Assignment. Could you reproduce, word for word, everything below from the line containing "may be difficult" down to the line containing "This document is", with both of those lines included and no others?

Records supplied.
----------
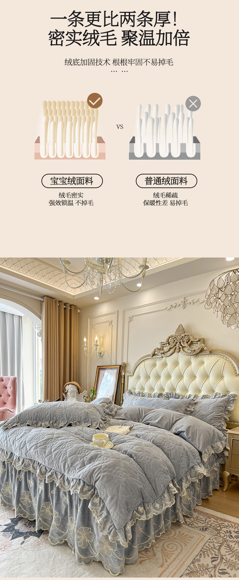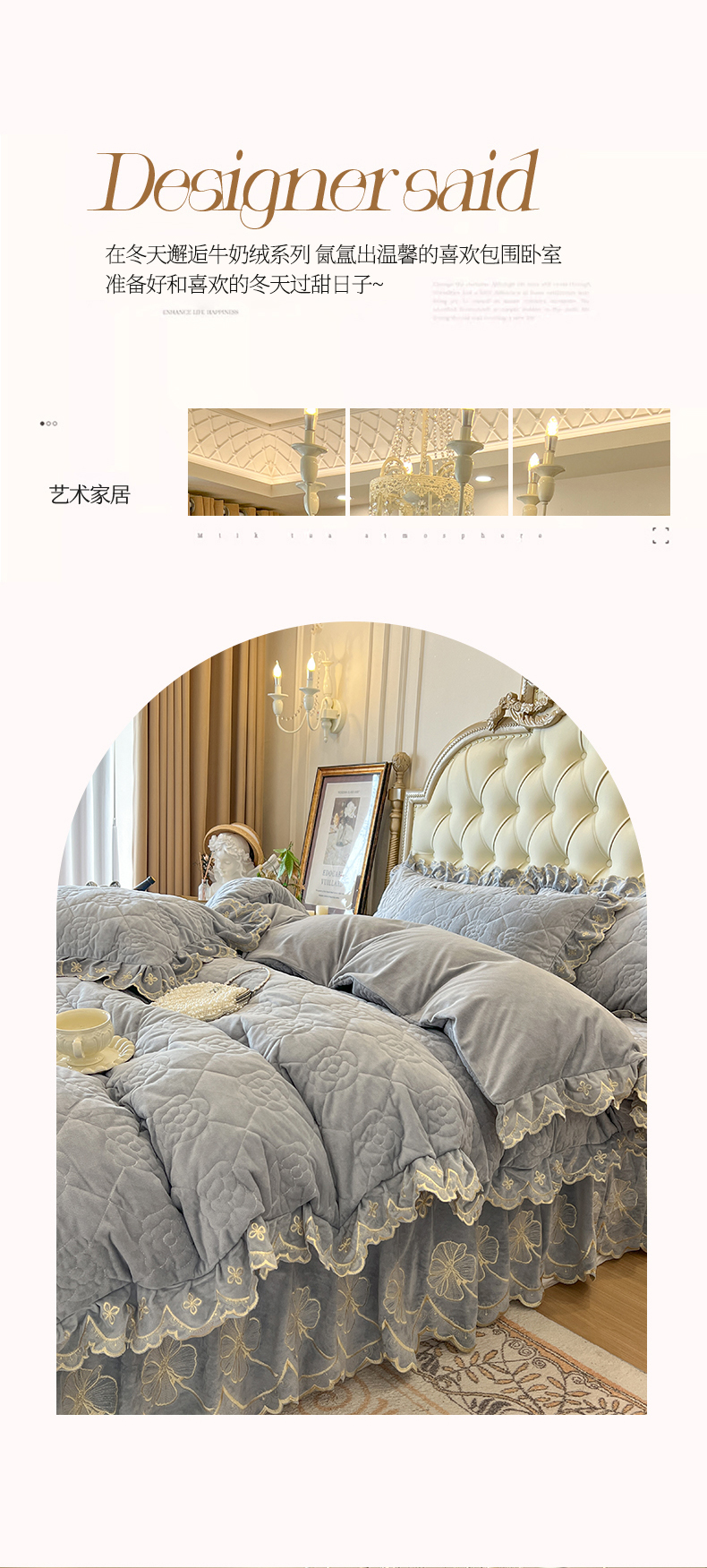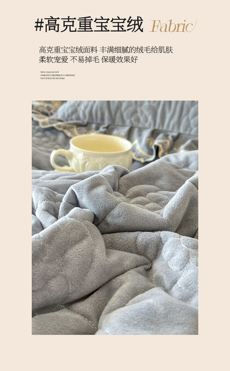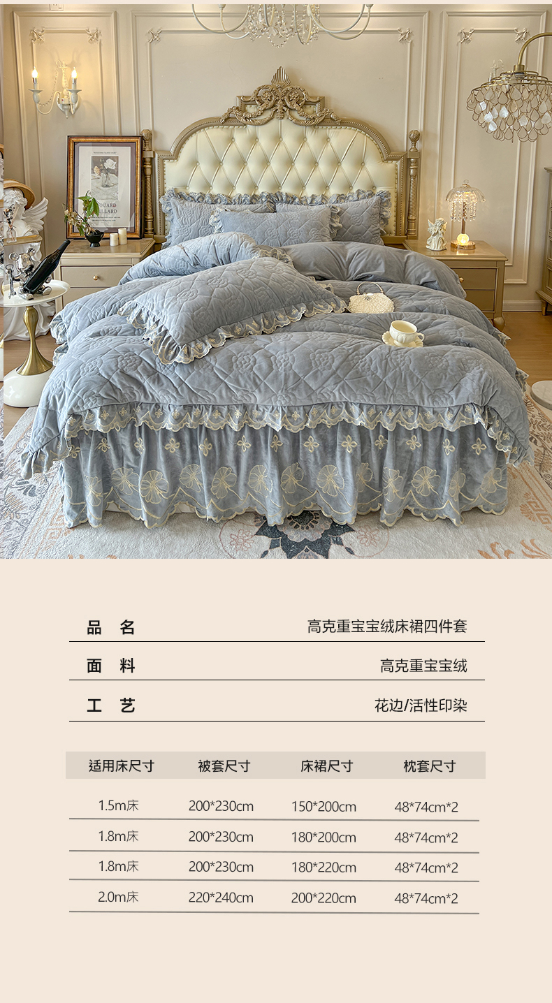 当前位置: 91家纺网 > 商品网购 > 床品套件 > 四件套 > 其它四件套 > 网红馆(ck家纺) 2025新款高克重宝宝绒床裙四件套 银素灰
----------
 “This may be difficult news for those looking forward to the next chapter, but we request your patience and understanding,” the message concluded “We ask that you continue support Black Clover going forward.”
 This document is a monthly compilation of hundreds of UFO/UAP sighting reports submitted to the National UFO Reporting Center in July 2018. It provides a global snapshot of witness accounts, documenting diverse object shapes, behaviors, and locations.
----------
Exercise solution.
 “This may be difficult news for those looking forward to the next chapter, but we request your patience and understanding,” the message concluded “We ask that you continue support Black Clover going forward.”
 This document is a monthly compilation of hundreds of UFO/UAP sighting reports submitted to the National UFO Reporting Center in July 2018. It provides a global snapshot of witness accounts, documenting diverse object shapes, behaviors, and locations.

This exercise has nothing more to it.